Data provided:
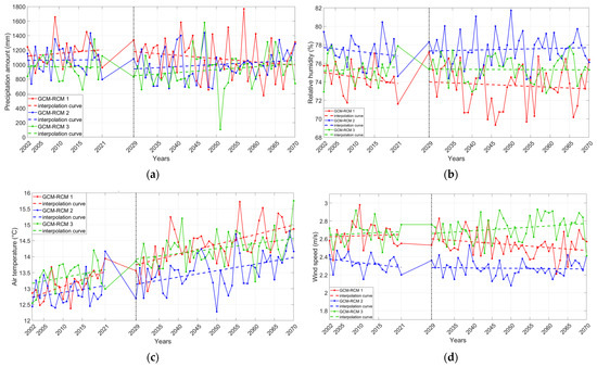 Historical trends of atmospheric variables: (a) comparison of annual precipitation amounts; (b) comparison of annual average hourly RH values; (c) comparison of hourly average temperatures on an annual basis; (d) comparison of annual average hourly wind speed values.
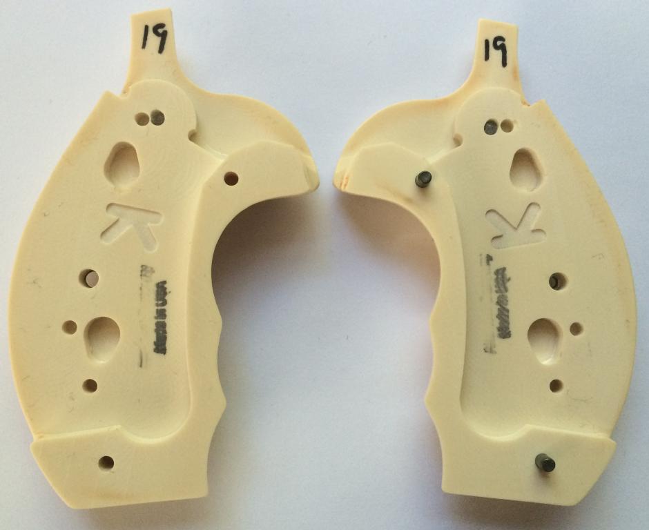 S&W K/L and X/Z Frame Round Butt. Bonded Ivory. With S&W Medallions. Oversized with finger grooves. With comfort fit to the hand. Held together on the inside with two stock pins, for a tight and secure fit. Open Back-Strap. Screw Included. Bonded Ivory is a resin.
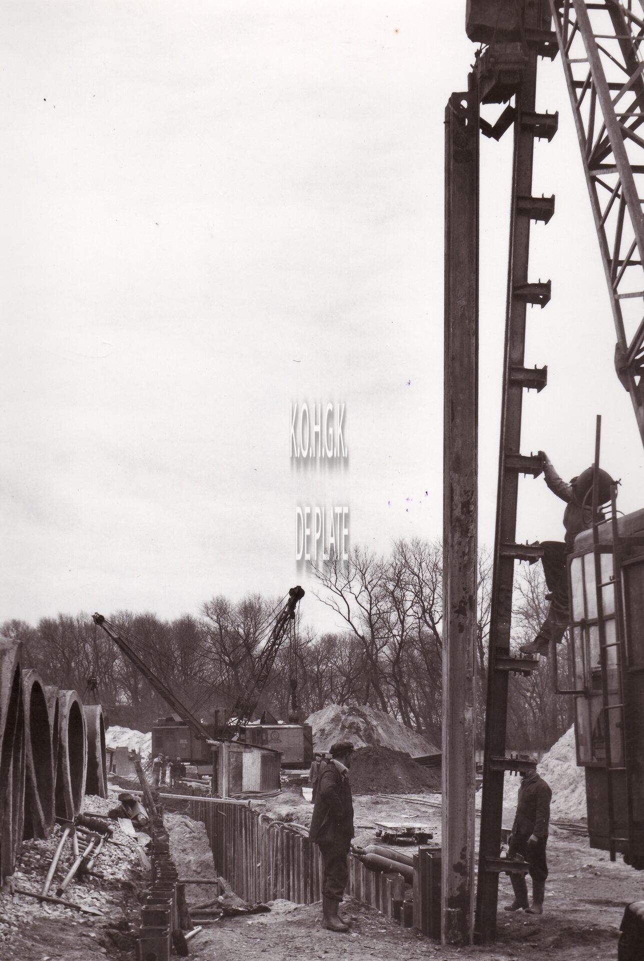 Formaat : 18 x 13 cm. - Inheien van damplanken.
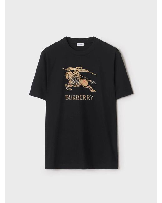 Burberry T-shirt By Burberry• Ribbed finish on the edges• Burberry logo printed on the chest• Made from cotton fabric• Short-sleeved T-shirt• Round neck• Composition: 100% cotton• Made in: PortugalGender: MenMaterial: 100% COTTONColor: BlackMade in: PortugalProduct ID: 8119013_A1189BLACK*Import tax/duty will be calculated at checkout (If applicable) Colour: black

Task brief: Give the data again exactly as it stands, apart from the pictures.

Response:
 Historical trends of atmospheric variables: (a) comparison of annual precipitation amounts; (b) comparison of annual average hourly RH values; (c) comparison of hourly average temperatures on an annual basis; (d) comparison of annual average hourly wind speed values.
 S&W K/L and X/Z Frame Round Butt. Bonded Ivory. With S&W Medallions. Oversized with finger grooves. With comfort fit to the hand. Held together on the inside with two stock pins, for a tight and secure fit. Open Back-Strap. Screw Included. Bonded Ivory is a resin.
 Formaat : 18 x 13 cm. - Inheien van damplanken.
 Burberry T-shirt By Burberry• Ribbed finish on the edges• Burberry logo printed on the chest• Made from cotton fabric• Short-sleeved T-shirt• Round neck• Composition: 100% cotton• Made in: PortugalGender: MenMaterial: 100% COTTONColor: BlackMade in: PortugalProduct ID: 8119013_A1189BLACK*Import tax/duty will be calculated at checkout (If applicable) Colour: black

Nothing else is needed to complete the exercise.